SOURCE DATA =
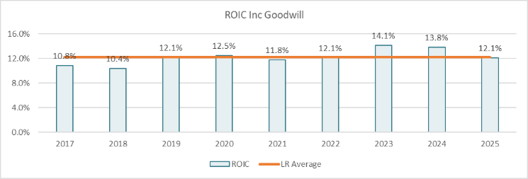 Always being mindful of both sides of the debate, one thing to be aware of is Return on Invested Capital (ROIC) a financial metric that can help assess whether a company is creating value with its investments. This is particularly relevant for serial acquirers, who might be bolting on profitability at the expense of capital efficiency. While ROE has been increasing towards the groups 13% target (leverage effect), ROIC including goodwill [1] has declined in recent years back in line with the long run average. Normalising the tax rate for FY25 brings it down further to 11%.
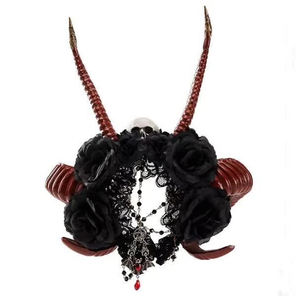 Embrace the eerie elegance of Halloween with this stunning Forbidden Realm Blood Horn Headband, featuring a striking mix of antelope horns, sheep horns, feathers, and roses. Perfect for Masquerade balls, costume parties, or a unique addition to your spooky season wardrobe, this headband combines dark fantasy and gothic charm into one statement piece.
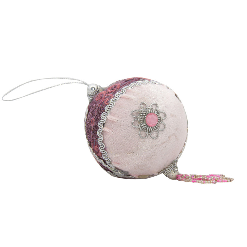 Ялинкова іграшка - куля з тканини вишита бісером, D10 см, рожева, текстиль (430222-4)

==

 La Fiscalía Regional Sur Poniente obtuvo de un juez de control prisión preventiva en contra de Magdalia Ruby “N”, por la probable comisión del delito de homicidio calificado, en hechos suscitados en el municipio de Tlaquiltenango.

ACTION ITEM =
Once the line with "Embrace the eerie" is found above, transcribe each line from it through the line with "Ялинкова іграшка - куля", exactly, and omit the pictures.

REPLY =
 Embrace the eerie elegance of Halloween with this stunning Forbidden Realm Blood Horn Headband, featuring a striking mix of antelope horns, sheep horns, feathers, and roses. Perfect for Masquerade balls, costume parties, or a unique addition to your spooky season wardrobe, this headband combines dark fantasy and gothic charm into one statement piece.
 Ялинкова іграшка - куля з тканини вишита бісером, D10 см, рожева, текстиль (430222-4)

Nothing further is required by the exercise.